The police took up the case, and subsequently arrested a most unlikely suspect. She was Catherine Griffin, a sixteen year old girl, daughter of a respectable market gardener. The Griffins also lived in Brighton.
The only connection the Professor had with Catherine Griffin was that her older sister Margaret, known as ‘Sissie’ had previously been employed for a period of four years by the McCoy family.
Young Catherine had evidently gained knowledge of the McCoy family via her sister, although it doesn’t appear that Sissie was involved in the scam. For some reason, although she was present at the trial, Sissie Griffin was not called as a witness.
Armed with her intel, Catherine wrote a series of begging letters signed Emily McCoy. She requested that the money for poor Frederick be sent to the local post office. In a clever move she enlisted her eleven year old brother Joseph to go to the post office and collect the illegal ‘takings’.
Following her arrest Catherine was bailed out by her shocked father, but she faced what appeared to be a certain guilty verdict when the matter went to trial. There were three charges of forging and uttering.
Examples of the letters and Emily McCoy’s handwriting were compared. However, Emily’s writing was relatively easy to copy and in those days the handwriting experts we have today were not available. In addition, Catherine’s handwriting on a statement she provided to a detective was compared to that in the letters. There was no firm consensus among witnesses regarding any of the handwriting evidence. Strangely, the fact that young Joseph Griffin admitted picking up correspondence (and money) from the duped friends and passing it on to his sister did not seem to carry much weight.

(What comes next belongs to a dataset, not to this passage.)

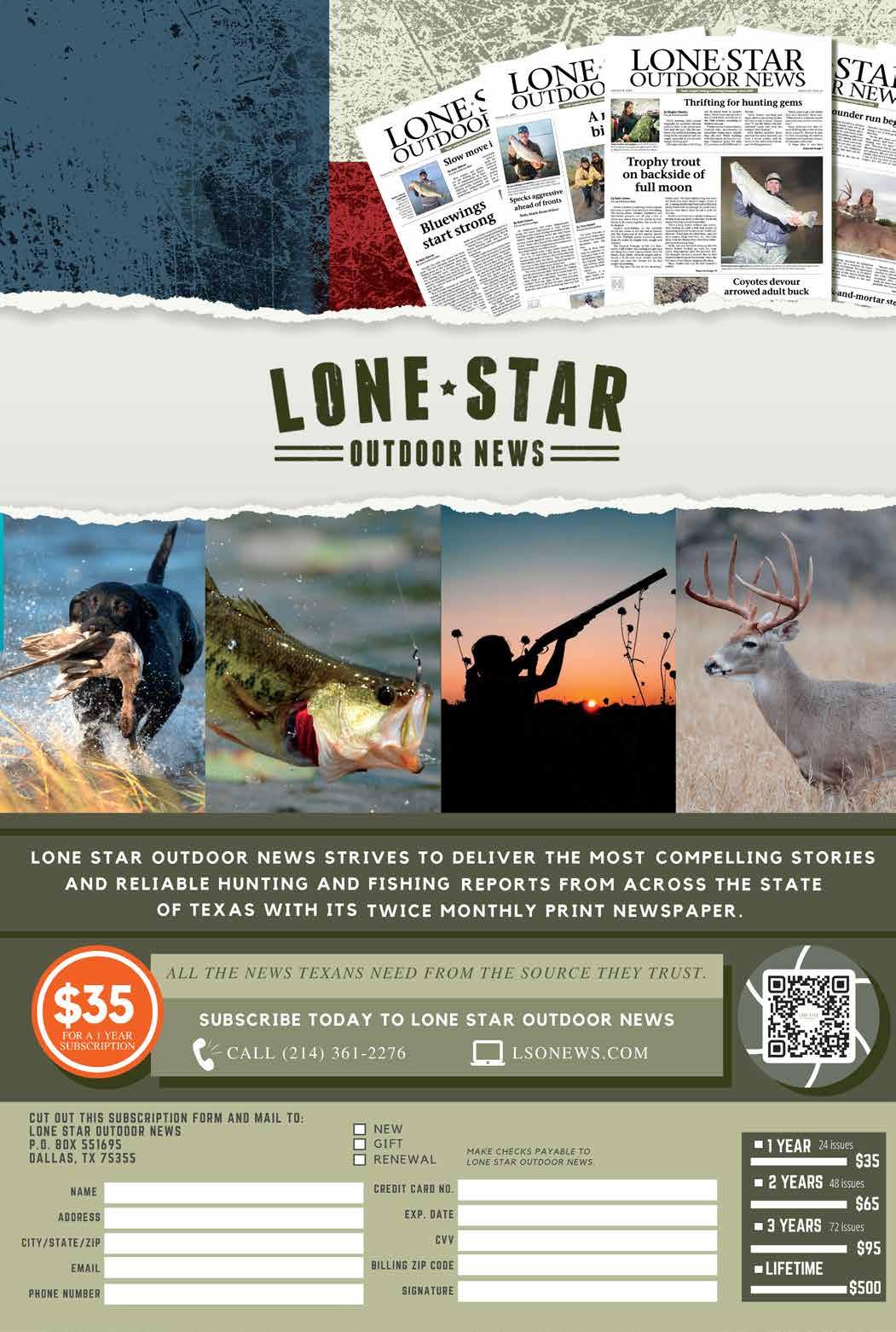 For home or office delivery, go to LSONews.com, or call (214) 361-2276, or send a check or money order to the address below. Lone Star Outdoor News, ISSN 2162-8300, a publication of Lone Star Outdoor News, LLC, publishes twice a month. A mailed subscription is $35 for 24 issues. Newsstand copies are $3, in certain markets copies are free, one per person.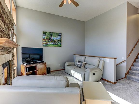 Former Model townhome - still in model condition - features vaulted ceilings, absolutely gorgeous stone fireplace, large windows, awesome kitchen and high-end granite, master suite & fully finished lower level all in an ultra-convenient location.

In summing up, the Judge Quinlan told the jury that if they had no reasonable doubt that Griffin had written the begging letters then they must find her guilty. However he went on to say no-one had actually seen her write them. He also considered that the detective had more or less ‘tricked’ the defendant into writing a statement at the police station for secret comparison, rather than allow her to give a verbal account. He concluded as follows;
‘They [the jury] would remember that the prisoner was a young woman against whose character nothing else had ever been brought, and who did not belong to the criminal classes. The jury would ask themselves whether in a single bound she could have become the astute criminal the offence disclosed. These questions might lead to uncertainty, and uncertainty to doubt, and once doubt was fairy established in the mind of a jury, humanity, as well as the dictum of the British law, laid down that a prisoner was to get the benefit of that doubt. ‘ (Argus, July 11 1883)
It was an extraordinary statement, and one the jury apparently embraced with alacrity. After deliberating for just 15 minutes the young woman was acquitted on all counts. There was spontaneous applause in the courtroom until the judge warned that if it continued people would find themselves under arrest.
No-one really knew how much money had been obtained through the fraud. Just as with scams today, people did not want to admit they had been duped. However, it was believed to have been a considerable amount.